Three things you didn’t know about Gary Clark Jr.

Gary Clark Jr. Photo by Deborah Cannon.

Gary Clark Jr. Photo by Deborah Cannon.

For a period of about ten years in the early aughts Gary Clark Jr. was Austin’s best kept secret. These days he’s a world renowned guitar hero who reps our city around the globe. As we prepare for his big appearance at Austin City Limits Festival in a few weeks, we sat down with Clark’s lovely parents, Sandy Clark and Gary Clark Sr. who shared a few little known facts about Austin’s most famous son.

His friends used to call him “Hotwire.” 

When Gary was a teenager his father used to take him and his friend Eve Monsees to play at blues jams around town. After a few years he became a young fixture on the local scene and the supervised visits weren’t enough to satiate his appetite for live music. “Next thing I know as he got older he was sneaking out the house going down to Antone’s to hear bands and I’m snoozing,” Gary Clark Sr. said with a laugh. He actually took the keys, but he earned the nickname by sneaking off with his mom’s car after his parents were asleep. 

The first time he played the Crossroads Festival in 2010, he was flat broke.

Clark spent his early twenties as a true starving artist. His mom used to stop by his house to drop off groceries to make sure he was at least eating. By most accounts, including his parents’, his stunning debut at Eric Clapton’s guitar festival was a career turning point. Shortly after the performance he would sign to Warner Brothers and begin his rapid rise, but at the time he was still struggling. The experience of playing to thousands, in the company of legends, was emotional and surreal. “It was just really humbling to him that he was onstage with so many of his idols and he said, ‘Mom, I didn’t have a dime in my pocket,'” Sandi Clark said. 

He does a mean Moonwalk. 

Clark’s first live concert was in 1988 when his parents surprised the family with a Michael Jackson concert in Denver. Clark was only four at the time, but he cites the experience as formative, saying he was transfixed by Tito Jackson’s guitar playing. When he was still young, his mother taught him Michael Jackson’s signature dance move.
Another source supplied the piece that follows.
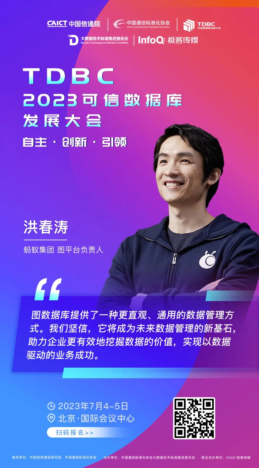 在当前数据要素时代,数据安全和数据可信的重要性日益突出。从金融、电信到各行各业,数据库可信生态的构建都变得愈加重要。由中国信息通信研究院、中国通信标准化协会指导,中国通信标准化协会大数据技术标准推进委员会(CCSA TC601)主办的“2023 可信数据库发展大会”将于 2023 年 7 月 4 日 -5 日在北京国际会议中心隆重召开。

Recently, the family was gathered at the apartment Clark and his fiance Nicole Trunfio share in New York for the holidays, and Clark’s sisters were showing off their own moonwalks. “Gary just sat back quietly and watched everybody ,” his mother said. “And I can’t remember if it was Nicole who said, ‘Let’s see what you’ve got,’ and he got up and moonwalked across the whole room floor and Nicole just sat there with her mouth wide open.” She laughs heartily. “So we keep waiting for him to pull that out on stage with his guitar.”

Gary Clark Sr. and Sandy Clark at Dominican Joe's in Austin.

Gary Clark Sr. and Sandi Clark at Dominican Joe’s in Austin.

 

Update: This blog has been updated to reflect that Gary Clark Jr.’s first concert experience was in 1988.